Our results are consistent with, and help interpret, earlier genetic experiments in which Presenilin 1 and 2 or other components of the Notch signaling pathway were manipulated in the developing limb ectoderm or mesenchyme. The loss in the apical ectodermal ridge of both presenilins led to fusions and truncations of digits, with variable penetrance (Pan et al., 2005). Based on our experiments and computational simulations this would be a predicted result of loss of uniform Hes1 status across the digital plate. In our cultures, residual ectodermal cells could ‘seed’ Hes1 expression in the mesenchymal micromass or digital plate, which would then become self-sustaining through Notch-based or Notch-independent γ-secretase regulated signaling. Similarly, self-sustained synchronization of Hes1 expression may result from early exposure to ectoderm in the experiments of (Pan et al., 2005), accounting for what these investigators characterize as a mesenchymal “memory” of the ectoderm-dependent Notch signaling that occurs during early development and is necessary for reliable chondrogenic patterning.
Materials and methods
Chicken eggs
White Leghorn chicken fertilized eggs were obtained from Moyer’s Chicks, Quakertown, PA. Eggs were incubated in a humidified incubator at 39°C for 5-8 days.
Micromass cell culture
Primary high density micromass cultures were performed as described previously (Bhat et al., 2011). Briefly, mesenchymal tissue was dissected from the myoblast-free autopod field of leg and wing buds of stage 24 (Hamburger and Hamilton, 1951) chicken embryos (∼4½ d of incubation), dissociated with trypLE Express solution (Gibco), filtered through Nytex 20-µ m monofilament nylon mesh (Tetko, Briarcliff Manor, NY) and resuspended in medium for plating at 2.5×105 cells per 10 µ l spot. Cell spots were deposited in Costar 24 well tissue culture plates and allowed to attach for 1 h before the wells were flooded with 1 ml of serum-free defined medium (henceforth called DM, (Paulsen and Solursh, 1988)): 60% Hams F12, 40% Dulbecco’s modified Earle’s Medium (DMEM), 5 μg/ml insulin, 100 nM hydrocortisone, 50 µ g/ml L-ascorbic acid, 5 µ g/ml chicken transferrin). Medium was changed daily.

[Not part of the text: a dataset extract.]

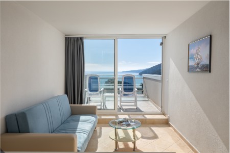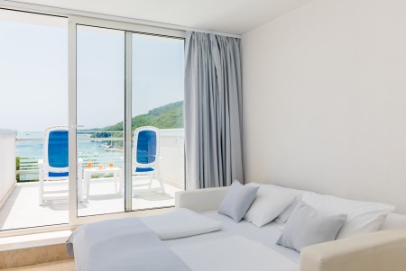 Familienzimmer Standard: ca. 30 m², mit zusätzlicher Schlafcouch (140x190 cm) für zwei Personen und Balkon zur Meerseite.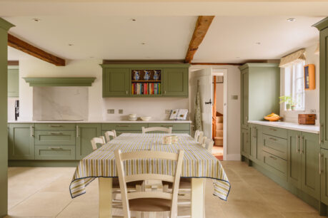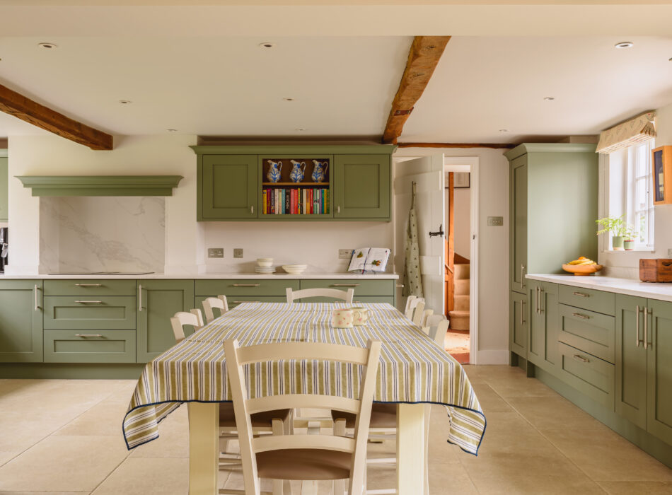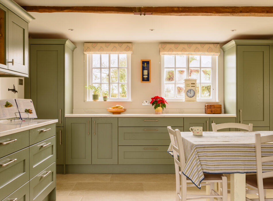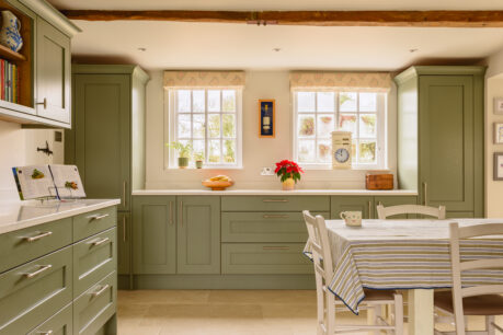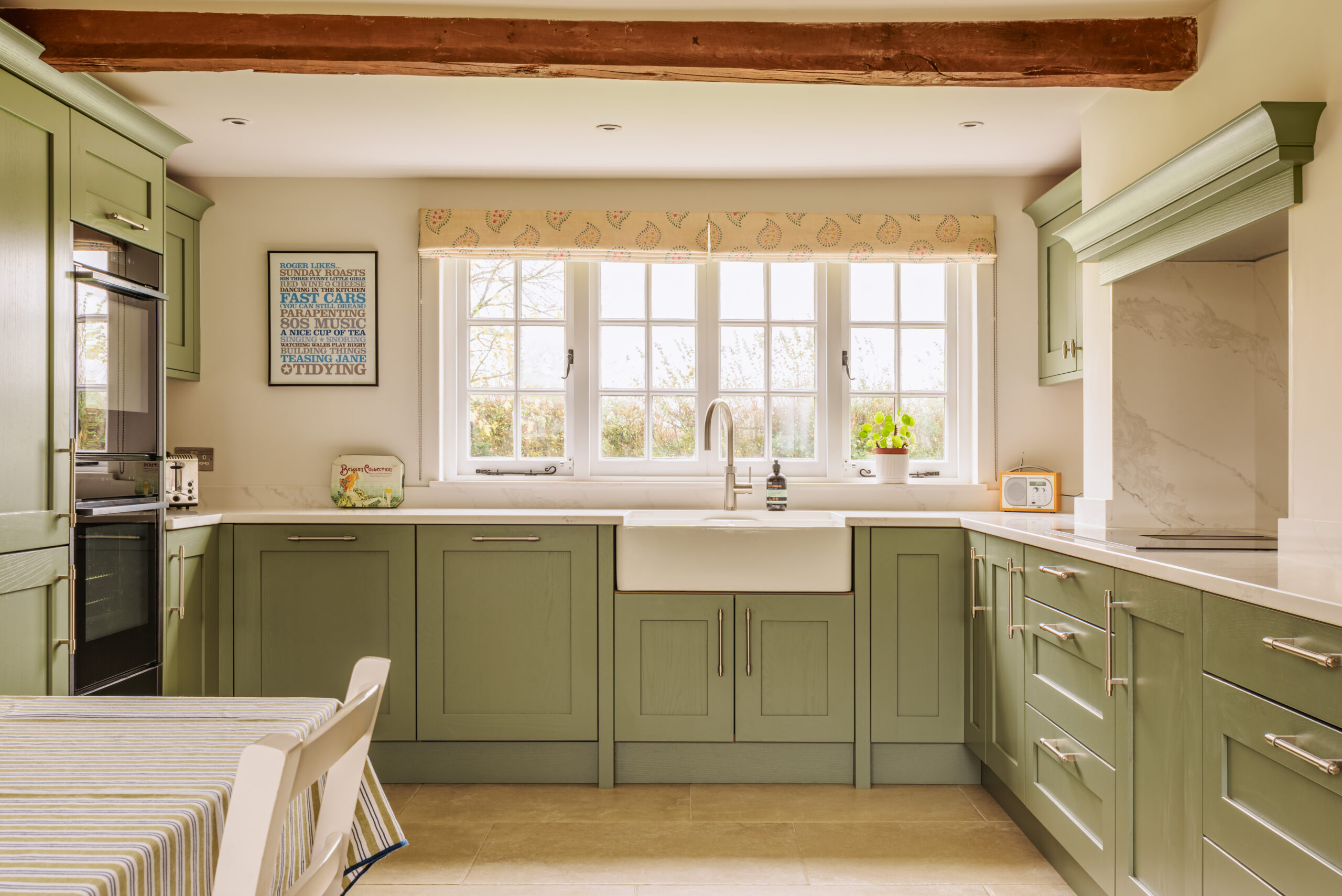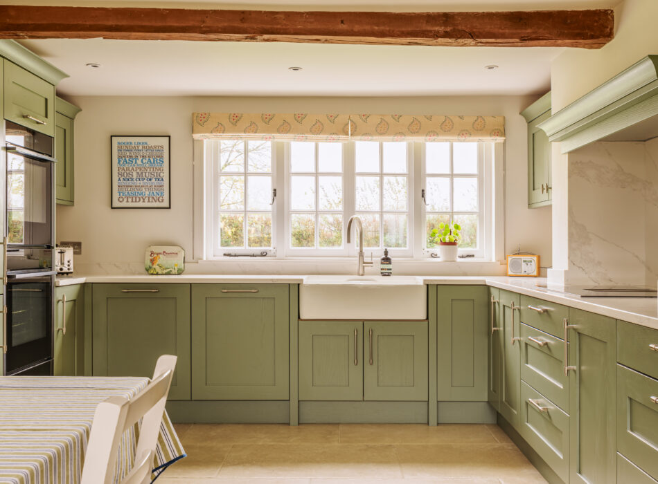 Our timeless Mornington Shaker in regiment green was the perfect choice for this country cottage. The soft regiment green hue brings warmth and character to the space, whilst complementing the cottage’s natural textures and rustic details like the gorgeous oak beams and feature mantle. The green tones connect the kitchen with our clients beautiful country garden outside, and reinforce the natural, relaxed atmosphere of country living. Whilst the kitchen has a classic look and feel, it is full with modern touches- such as Neff appliances, a vented hob and Quooker hot tap.

In experiments to assay for effects of Notch signaling on galectins or synchronization of condensations, cultures were treated for specified time periods with 500 nM-5 μ M DAPT (N- [N- (3,5-difluorophenacetyl-L-alanyl)]-S-phenylglycine t-butyl ester) (Sigma Aldrich). For serum treatment, cells were cultured in DM supplemented with 10% fetal bovine serum. For inhibition of TGF-β signaling, cells were treated with 5 μM SB505124, an ALK4/5/7 antagonist (R&D systems, Minneapolis, MN).
Quantitative PCR
Total RNA was isolated from cells according to instructions included with the Absolutely RNA Microprep kit (Agilent) as described previously (Bhat et al., 2011). RNA isolated from cells from micromass cultures grown to specified time points or freshly dissected and dissociated 5 d limb buds was quantitated with a Nanodrop ND-1000 spectrophotometer at 260 nM and used as template for the synthesis of cDNA. Comparative quantitative PCR (qPCR) was performed on the Mx3005P instrument (Stratagene) with Brilliant SYBR Green QPCR master mix (Stratagene). The amplification protocol for comparative quantitative PCR included the following steps: denaturation at 95°C for 10 min, 40 amplification cycles (95°C for 30 sec, 55°C for 1 min, 72°C for 1 min) and melting the amplified DNA in order to obtain melting curve for the PCR product. Messenger RNA expression of the gene of interest was normalized to internal control gene β-actin and analyzed by the ΔΔCt method (Livak and Schmittgen, 2001). At least two biological replicates were prepared for all analyses.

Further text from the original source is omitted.